◆ Try it
Could you set down exactly the lines of the data below, starting at the one that holds "Bezpečné chrastítko a" and ending at the one that holds "Pokémon TCG: Scarlet", both included, and only those?

Stored dataset items
··········

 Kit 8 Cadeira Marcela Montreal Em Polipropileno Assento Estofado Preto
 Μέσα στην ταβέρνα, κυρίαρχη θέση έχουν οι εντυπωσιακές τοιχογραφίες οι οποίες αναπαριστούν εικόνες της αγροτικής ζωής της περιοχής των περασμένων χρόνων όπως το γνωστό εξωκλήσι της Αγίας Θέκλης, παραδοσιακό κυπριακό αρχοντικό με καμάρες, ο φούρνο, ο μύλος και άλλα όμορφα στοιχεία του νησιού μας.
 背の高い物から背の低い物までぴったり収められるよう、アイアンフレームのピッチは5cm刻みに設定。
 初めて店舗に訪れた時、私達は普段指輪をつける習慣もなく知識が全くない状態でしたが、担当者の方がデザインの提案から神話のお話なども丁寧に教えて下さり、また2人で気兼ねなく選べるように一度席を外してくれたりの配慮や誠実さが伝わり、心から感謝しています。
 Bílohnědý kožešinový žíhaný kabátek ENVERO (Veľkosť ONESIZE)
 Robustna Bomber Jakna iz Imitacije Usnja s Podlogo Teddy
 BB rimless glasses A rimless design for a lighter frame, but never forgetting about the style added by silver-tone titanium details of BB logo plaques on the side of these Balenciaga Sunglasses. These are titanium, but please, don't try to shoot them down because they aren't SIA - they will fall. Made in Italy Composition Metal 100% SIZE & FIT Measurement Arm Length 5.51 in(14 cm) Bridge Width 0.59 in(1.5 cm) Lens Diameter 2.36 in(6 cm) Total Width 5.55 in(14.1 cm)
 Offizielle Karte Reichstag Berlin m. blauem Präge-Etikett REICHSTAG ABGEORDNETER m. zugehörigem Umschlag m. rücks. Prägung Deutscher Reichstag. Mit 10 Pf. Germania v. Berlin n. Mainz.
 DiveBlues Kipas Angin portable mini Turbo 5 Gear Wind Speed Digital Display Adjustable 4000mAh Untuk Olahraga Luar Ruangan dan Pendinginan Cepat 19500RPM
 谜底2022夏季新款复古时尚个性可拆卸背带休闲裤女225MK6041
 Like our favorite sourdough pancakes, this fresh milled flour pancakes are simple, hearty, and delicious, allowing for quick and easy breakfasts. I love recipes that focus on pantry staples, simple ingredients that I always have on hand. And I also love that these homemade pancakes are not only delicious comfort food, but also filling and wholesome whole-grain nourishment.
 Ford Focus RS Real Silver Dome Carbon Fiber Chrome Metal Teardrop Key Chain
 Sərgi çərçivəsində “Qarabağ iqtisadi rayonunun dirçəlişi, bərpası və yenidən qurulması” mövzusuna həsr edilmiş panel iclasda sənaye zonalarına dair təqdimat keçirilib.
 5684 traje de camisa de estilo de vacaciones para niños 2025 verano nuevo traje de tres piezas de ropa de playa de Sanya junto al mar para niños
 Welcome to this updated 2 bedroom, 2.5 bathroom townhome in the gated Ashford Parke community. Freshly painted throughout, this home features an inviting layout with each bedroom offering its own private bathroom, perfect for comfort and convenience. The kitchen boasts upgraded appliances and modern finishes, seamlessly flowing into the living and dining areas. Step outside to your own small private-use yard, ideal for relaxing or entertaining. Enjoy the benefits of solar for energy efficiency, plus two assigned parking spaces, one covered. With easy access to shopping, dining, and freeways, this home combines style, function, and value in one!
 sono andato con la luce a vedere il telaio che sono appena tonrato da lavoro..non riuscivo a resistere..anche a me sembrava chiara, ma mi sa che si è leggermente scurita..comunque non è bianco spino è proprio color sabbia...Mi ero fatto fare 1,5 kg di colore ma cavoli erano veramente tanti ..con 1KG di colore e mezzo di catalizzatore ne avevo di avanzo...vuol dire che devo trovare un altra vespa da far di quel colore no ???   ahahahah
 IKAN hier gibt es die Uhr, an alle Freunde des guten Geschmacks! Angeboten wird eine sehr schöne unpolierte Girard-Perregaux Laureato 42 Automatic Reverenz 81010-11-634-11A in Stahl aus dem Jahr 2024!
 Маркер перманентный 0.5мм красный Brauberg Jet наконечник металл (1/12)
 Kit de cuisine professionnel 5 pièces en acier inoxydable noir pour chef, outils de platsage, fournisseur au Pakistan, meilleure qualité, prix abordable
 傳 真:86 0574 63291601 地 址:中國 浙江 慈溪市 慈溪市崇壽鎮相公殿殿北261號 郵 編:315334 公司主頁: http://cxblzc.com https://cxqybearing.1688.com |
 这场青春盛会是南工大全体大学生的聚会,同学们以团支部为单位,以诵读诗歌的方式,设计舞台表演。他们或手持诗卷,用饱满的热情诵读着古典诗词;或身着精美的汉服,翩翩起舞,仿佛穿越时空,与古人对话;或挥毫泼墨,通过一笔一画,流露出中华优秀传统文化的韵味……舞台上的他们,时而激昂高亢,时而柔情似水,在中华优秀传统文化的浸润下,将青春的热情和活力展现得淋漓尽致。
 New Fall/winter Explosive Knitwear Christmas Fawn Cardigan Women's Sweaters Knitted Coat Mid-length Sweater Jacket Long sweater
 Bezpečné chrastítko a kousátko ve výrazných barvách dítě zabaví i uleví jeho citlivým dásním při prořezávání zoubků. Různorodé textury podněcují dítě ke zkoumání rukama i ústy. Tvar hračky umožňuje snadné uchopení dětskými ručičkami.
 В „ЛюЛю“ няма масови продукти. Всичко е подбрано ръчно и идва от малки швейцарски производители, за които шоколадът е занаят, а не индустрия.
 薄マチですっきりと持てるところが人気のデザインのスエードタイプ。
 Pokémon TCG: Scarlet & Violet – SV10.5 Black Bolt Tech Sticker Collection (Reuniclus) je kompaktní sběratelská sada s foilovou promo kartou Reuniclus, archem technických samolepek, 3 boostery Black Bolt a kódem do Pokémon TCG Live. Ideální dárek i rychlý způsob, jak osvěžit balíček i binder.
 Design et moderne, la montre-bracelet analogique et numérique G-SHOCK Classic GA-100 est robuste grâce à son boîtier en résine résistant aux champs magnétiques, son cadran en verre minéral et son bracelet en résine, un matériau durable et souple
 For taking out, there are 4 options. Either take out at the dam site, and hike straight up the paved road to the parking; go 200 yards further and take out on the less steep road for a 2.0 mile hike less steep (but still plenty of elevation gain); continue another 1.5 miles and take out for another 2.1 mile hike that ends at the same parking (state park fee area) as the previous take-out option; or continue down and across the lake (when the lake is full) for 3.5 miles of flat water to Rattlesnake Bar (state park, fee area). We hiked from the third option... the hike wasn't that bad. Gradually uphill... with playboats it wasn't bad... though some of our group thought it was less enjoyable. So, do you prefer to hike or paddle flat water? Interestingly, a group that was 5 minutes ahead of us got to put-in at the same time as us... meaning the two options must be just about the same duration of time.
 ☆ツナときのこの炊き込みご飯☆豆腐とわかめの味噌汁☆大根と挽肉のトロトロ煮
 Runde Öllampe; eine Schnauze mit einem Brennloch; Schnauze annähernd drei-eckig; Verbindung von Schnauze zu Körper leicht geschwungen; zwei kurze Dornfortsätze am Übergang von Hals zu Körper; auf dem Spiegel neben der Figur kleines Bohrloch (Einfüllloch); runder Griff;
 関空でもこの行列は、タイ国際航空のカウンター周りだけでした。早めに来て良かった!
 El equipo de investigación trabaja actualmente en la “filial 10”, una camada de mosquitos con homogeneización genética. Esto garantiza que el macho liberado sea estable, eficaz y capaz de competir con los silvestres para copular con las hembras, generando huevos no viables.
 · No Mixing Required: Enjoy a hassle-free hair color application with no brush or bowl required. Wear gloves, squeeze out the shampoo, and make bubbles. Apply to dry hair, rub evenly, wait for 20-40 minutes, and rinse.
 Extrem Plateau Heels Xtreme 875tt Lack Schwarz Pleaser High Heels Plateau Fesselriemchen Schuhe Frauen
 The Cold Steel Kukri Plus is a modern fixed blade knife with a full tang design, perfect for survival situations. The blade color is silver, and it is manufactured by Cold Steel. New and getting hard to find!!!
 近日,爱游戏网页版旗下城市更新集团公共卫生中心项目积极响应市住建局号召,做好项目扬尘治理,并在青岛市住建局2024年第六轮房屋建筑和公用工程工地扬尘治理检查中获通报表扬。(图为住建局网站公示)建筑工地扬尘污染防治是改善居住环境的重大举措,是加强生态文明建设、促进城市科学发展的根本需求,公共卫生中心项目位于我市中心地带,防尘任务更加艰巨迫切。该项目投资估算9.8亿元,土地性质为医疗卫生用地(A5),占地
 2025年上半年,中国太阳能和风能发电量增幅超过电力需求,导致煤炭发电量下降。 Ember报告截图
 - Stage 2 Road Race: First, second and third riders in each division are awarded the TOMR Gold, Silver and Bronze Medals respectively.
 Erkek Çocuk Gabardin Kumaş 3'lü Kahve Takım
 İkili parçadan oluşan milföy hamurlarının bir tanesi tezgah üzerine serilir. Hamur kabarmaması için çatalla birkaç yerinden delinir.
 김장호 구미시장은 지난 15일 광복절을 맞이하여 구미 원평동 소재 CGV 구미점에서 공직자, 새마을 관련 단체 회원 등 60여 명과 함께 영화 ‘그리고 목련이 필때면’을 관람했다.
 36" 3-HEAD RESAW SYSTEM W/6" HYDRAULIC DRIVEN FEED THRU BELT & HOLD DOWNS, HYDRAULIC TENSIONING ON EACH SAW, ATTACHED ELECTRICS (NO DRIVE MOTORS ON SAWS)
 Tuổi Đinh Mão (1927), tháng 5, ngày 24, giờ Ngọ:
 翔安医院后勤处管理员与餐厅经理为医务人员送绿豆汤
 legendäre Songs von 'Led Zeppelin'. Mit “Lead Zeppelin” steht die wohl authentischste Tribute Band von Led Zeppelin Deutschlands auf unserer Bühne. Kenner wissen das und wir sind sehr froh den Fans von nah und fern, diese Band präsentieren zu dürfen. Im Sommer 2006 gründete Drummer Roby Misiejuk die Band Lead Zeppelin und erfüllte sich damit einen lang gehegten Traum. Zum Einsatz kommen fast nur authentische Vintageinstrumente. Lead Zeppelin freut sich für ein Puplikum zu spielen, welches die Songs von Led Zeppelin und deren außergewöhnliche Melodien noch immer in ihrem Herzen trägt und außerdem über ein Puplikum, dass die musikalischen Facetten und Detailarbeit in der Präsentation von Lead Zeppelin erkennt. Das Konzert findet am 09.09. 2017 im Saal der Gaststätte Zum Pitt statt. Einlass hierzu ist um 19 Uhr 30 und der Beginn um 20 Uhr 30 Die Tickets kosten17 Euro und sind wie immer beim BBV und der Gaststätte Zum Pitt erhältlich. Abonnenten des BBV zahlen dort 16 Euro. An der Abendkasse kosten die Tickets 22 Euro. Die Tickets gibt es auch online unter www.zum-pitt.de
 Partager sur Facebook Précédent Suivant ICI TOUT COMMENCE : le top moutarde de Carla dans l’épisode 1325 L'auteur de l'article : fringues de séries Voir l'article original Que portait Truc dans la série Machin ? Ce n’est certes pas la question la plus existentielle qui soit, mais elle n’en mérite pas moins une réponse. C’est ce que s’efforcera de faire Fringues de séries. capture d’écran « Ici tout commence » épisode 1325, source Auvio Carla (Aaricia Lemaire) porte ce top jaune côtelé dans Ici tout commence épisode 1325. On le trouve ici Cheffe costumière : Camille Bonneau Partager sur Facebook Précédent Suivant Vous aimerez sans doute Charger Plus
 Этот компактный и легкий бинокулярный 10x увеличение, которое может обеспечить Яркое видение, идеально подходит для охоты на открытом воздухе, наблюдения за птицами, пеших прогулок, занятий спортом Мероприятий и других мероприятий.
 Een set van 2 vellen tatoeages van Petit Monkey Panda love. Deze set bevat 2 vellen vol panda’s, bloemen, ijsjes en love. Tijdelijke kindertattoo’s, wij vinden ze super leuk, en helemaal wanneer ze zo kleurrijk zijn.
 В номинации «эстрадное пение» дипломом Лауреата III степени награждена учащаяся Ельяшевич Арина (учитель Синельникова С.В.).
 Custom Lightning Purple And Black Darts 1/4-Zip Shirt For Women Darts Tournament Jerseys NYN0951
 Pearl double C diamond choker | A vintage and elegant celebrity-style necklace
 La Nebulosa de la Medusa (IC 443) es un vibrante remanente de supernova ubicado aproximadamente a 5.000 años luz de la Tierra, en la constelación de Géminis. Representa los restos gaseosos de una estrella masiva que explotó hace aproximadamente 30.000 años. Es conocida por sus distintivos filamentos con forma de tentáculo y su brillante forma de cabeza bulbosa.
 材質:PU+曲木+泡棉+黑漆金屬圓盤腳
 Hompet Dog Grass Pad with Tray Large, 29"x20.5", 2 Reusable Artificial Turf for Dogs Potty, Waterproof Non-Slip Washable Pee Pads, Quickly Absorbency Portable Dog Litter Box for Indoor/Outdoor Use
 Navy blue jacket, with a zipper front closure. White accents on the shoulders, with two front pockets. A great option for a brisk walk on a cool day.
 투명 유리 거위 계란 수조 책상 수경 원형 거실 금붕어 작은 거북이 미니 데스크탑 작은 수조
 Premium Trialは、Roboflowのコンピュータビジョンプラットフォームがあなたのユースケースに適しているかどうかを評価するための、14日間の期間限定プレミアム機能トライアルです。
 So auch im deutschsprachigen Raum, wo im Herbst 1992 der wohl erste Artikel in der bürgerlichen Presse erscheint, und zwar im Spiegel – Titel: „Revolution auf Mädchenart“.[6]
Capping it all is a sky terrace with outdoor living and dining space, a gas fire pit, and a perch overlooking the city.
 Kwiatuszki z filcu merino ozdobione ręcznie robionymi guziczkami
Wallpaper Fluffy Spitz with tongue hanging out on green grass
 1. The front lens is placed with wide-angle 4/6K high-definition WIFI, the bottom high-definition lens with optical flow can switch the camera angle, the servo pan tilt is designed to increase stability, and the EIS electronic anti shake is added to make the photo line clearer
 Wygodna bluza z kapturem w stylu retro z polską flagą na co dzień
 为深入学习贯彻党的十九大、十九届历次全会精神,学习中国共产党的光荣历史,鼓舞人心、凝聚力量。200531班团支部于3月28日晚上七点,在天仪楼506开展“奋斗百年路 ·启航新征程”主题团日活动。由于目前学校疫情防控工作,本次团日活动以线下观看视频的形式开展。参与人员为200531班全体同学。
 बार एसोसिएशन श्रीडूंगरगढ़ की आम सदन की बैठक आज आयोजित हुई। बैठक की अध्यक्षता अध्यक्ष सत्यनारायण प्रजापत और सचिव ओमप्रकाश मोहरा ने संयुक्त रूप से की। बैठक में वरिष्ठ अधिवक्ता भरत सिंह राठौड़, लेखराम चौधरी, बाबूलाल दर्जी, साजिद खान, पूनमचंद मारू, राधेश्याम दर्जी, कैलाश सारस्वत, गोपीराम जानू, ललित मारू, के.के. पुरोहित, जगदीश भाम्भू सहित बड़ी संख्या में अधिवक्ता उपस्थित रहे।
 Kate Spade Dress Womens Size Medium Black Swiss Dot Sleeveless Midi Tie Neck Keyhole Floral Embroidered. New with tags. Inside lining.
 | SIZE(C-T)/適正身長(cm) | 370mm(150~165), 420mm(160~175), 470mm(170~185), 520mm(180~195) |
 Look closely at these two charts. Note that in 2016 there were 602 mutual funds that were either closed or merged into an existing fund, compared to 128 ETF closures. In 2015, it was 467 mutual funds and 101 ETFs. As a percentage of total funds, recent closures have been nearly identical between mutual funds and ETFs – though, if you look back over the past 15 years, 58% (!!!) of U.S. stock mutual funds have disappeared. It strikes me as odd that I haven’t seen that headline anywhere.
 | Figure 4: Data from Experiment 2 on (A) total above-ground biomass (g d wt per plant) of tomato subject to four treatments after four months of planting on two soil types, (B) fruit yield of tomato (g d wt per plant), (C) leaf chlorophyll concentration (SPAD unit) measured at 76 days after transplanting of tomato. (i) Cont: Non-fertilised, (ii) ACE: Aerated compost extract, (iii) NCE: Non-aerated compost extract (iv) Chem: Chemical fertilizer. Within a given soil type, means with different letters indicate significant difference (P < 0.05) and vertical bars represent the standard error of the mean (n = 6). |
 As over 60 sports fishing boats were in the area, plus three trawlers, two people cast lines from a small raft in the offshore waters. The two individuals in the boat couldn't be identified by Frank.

··········

◆ Exercise answer
 Bezpečné chrastítko a kousátko ve výrazných barvách dítě zabaví i uleví jeho citlivým dásním při prořezávání zoubků. Různorodé textury podněcují dítě ke zkoumání rukama i ústy. Tvar hračky umožňuje snadné uchopení dětskými ručičkami.
 В „ЛюЛю“ няма масови продукти. Всичко е подбрано ръчно и идва от малки швейцарски производители, за които шоколадът е занаят, а не индустрия.
 薄マチですっきりと持てるところが人気のデザインのスエードタイプ。
 Pokémon TCG: Scarlet & Violet – SV10.5 Black Bolt Tech Sticker Collection (Reuniclus) je kompaktní sběratelská sada s foilovou promo kartou Reuniclus, archem technických samolepek, 3 boostery Black Bolt a kódem do Pokémon TCG Live. Ideální dárek i rychlý způsob, jak osvěžit balíček i binder.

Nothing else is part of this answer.